Oska Lappin: The first weekend after the inauguration of the current occupant of the White House, I was with friends and inevitably the discussion turned to politics and our fears of what could occur for the world at large. Someone said: ‘This discussion is probably akin to the talk in Germany around 1935.’ There was a group shudder and an unusual silence.
As a narrative-based self-expressionist, I begin by making a mental storyboard out of the saturation of imagery from films, books, real situations to overheard conversations and gossip — whatever stimulus I come into contact with. My mind seethes like a pressure cooker until it’s ready to explode and then I know it’s time to begin working.

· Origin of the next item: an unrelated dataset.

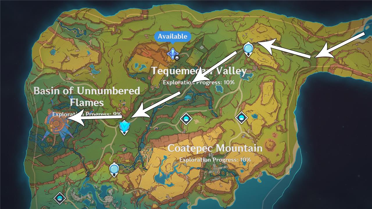 To get the Natlan weapon blueprints, you must visit the Stadium of the Sacred Flame and buy them from Alom, the local blacksmith. If you haven’t been there yet, you can enter Natlan from the Desert of Hadramaveth and follow the road to the west, through Tequemecan Valley (see map above for the full route). The Stadium of the Sacred Flame is in the Basin of the Unnumbered Flames area.

With the global political maelstrom that ensued in 2017, Scary Amerika, a title from a woodcut I had made several years before, became my immediate starting point.
The Idea by Frans Masereel is a story told in woodcuts about a man’s ‘Idea’ that takes the form of a naked woman free from corruption, delivered from the sky by a hand holding a white envelope.
Her nakedness causes social disorder and chaos. Masereel’s graphic storytelling informed my work from an early stage as I decided to work with a strong female icon at the heart of the narrative. After I made the woodcuts for the series I began to work over them. As I was listening to Lou Reed’s New York, the line ‘statue of bigotry’ came on, and my homage to Masereel was to use ‘Liberty’, a female-cartooned embodiment of La Liberté éclairant le monde, to tell a tale of a fallen ideal of a once-great symbol of freedom and ‘liberty for all’.
I feel well positioned in Britain, somewhere between the US and Europe, ready to transcribe human expression in all its forms into a visual language that says something, whether it’s funny and makes people laugh, or feel slightly unheimlich. Creating a feeling of unease is a key element in my work.
Multicultural UK is a society where humour is an essential undercurrent and has added an element to my work celebrating an island of Hogarth, The Sex Pistols, the ludicrous royal family, the brilliant writers, poets, scientists, music... I’m in my studio ready to tell it all.